同じく小学生のうちに勉強しかしていなければ、その後、野球をしようとは思わないでしょう。世界を見れば一日中、農作業をしているような子どももいますが、その子たちはそういう環境の中でずっと育ってきましたから、それが当然のことと思ってしまうのと同じです。

小学生のうちに勉強をして、スポーツもして、一日の中でスイッチを切り替えるという習慣をつけることが大事です。子どもは、楽しいことがあるといつまでもやり続けます。順番でいえば、まずゲーム、次に野球などのスポーツで体を動かすこと、そして勉強。スイッチの切り替えができない子は、一日中、ゲームをやっていませんか?

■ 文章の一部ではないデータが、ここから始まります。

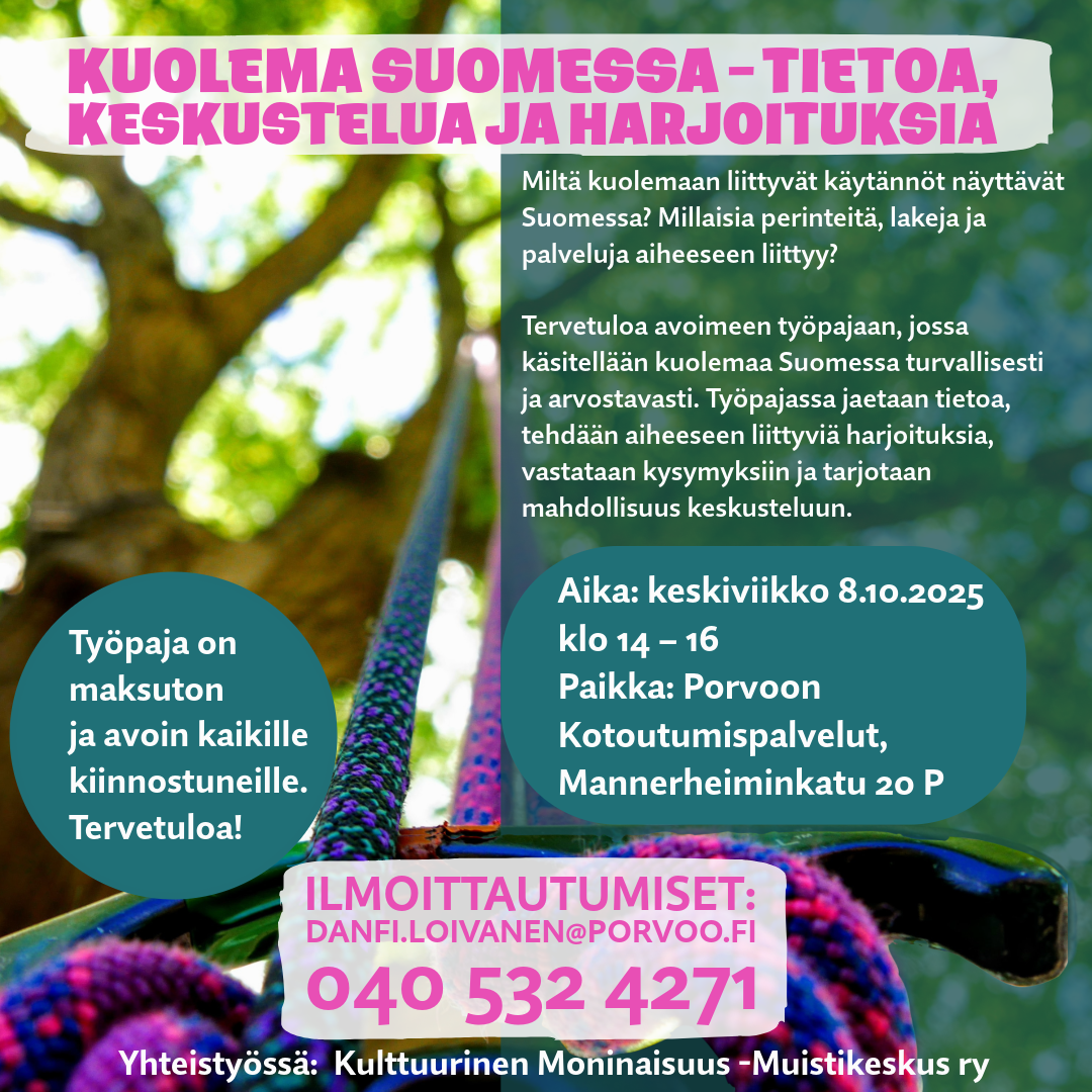 Maksuton työpaja: Miltä kuolemaan liitttyvät käytännöt näyttävät Suomessa? Millaisia perinteitä, lakeja ja palveluja aiheeseen liitty?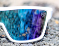 With the CYCLONE model, you'll find a more stylized version with exceptional features. Its white frame and blue lenses will take you to new heights.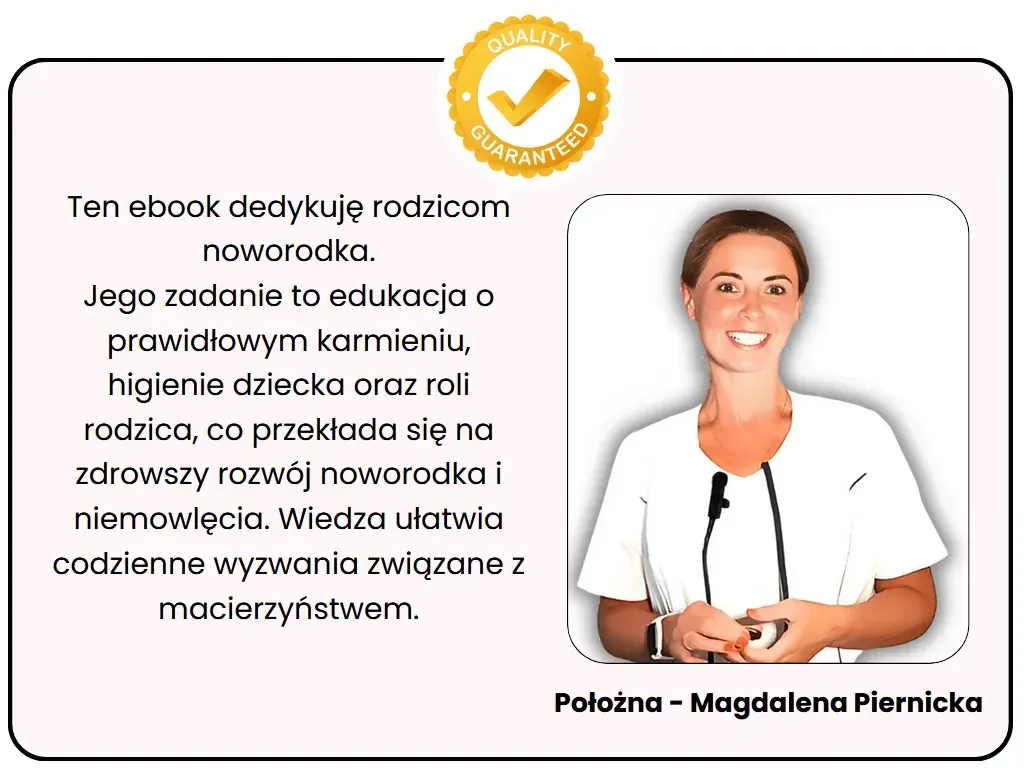 Często się zdarza, że po wyjściu ze szpitala zostajesz z dzieckiem sama. Bez instrukcji obsługi. Bez dostępu do wielu specjalistów. Chciałam to zmienić. Dlatego stworzyłam ten ebook w którym omawiam krok po kroku postępowanie z noworodkiem.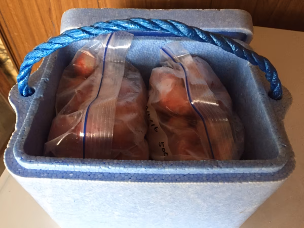 100円ショップの簡易クーラーボックスに入れてお届けしますのでクーラーボックスも再利用ください。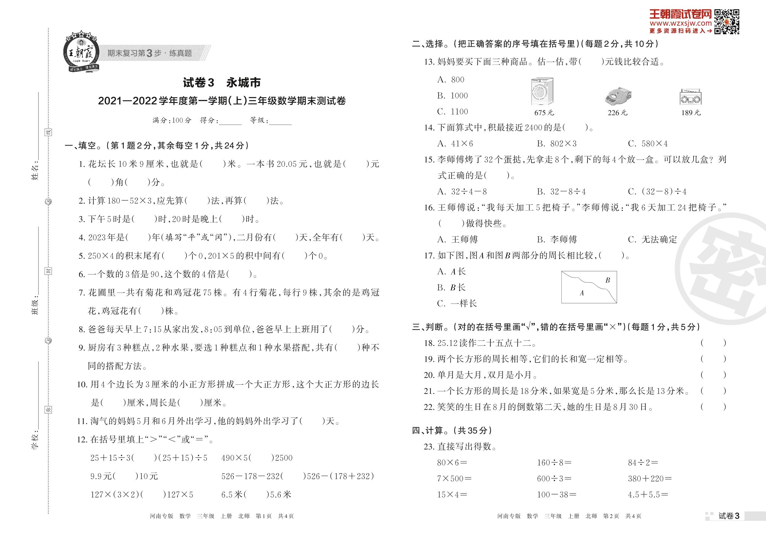 永城市2021—2022学年度第一学期(上)三年级数学期末测试卷(北师版)【3】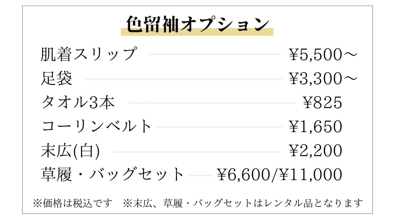 ご来店時、ご自身の肌着類をお持ちになられた方はその場でお預かりし、衣裳と一緒にお届けいたします。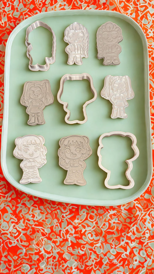 Complete set of 6 Huntrix K-pop character cutters and stamps featuring Rumi, Mira, Zoey, and the Huntrix trio. Perfect for creating fun character-themed cookies and clay designs.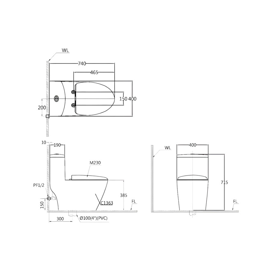 Bản vẽ Bồn Cầu 1 Khối Caesar CD1363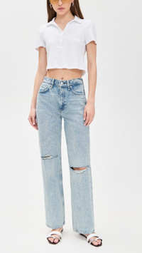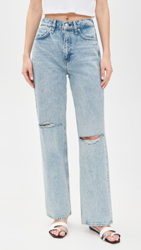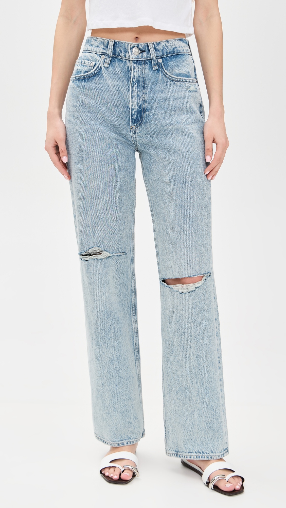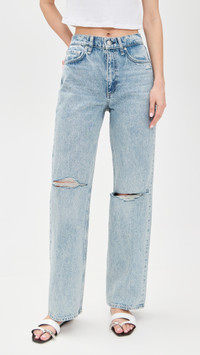 - Fabric: Mid-weight, non-stretch denim - Holes at knee - Button closure and zip fly - 5-pocket styling - Shell: 100% cotton - Wash cold - Imported, Turkey Style #RAGBO47742 Size & Fit Intended for a high-rise, straight-leg cut. Non-stretch denim will soften and give with wear. Shopbop’s expert stylist says: Runs one full size large; please size down Customers say: Runs large; please size down. Model measurements: Size 25: Alina (5'10") usually wears size 25-26 Measurements from size 25 Rise: 11.5in / 29cm Inseam: 31in / 79cm Leg opening: 19in / 48cm

ただ、体というのは正直なもので、やりすぎると疲れたり、痛みが出たりして、もうやめなさいというサインが出る。そうなったら子どもは自然とやめるので、自分からやっているうちは、そういう疲れや痛みはあまり心配しすぎることはありません。

大人は子どもの「生理的時間」を考えるべき

野球に目を向けてみますと、むしろ問題なのは大人がやらせすぎることです。毎日、素振りを何百回とかノルマを課して、できないと怒るというようなやり方はよくないです。子どもは怒られたくないので、無理してやりすぎてしまいます。骨が成長している時期に負荷をかけすぎると、体を壊す原因になります。熱心に指導するのは結構ですが、子どもの体の生理学というのを理解して指導してほしいです。

勉強と野球に費やす時間のバランスを決める上で、子どもの生理的時間を知っておいた方が良いでしょう。生理的時間とは人間が生きていく上で最低限必要な時間のことです。小学校高学年だと「寝る時間」「食べる時間」「お風呂に入る時間」などを足して、だいたい12時間になります。

従って、小学生の活動時間というのは12時間が限界です。このうち、3時間は何も予定のないフリーな時間を入れておかなくてはならないので、休日ならば、残りの9時間。平日ならば、学校に通っている6時間を除いた残りの3時間が家庭学習や野球に充てる時間になります。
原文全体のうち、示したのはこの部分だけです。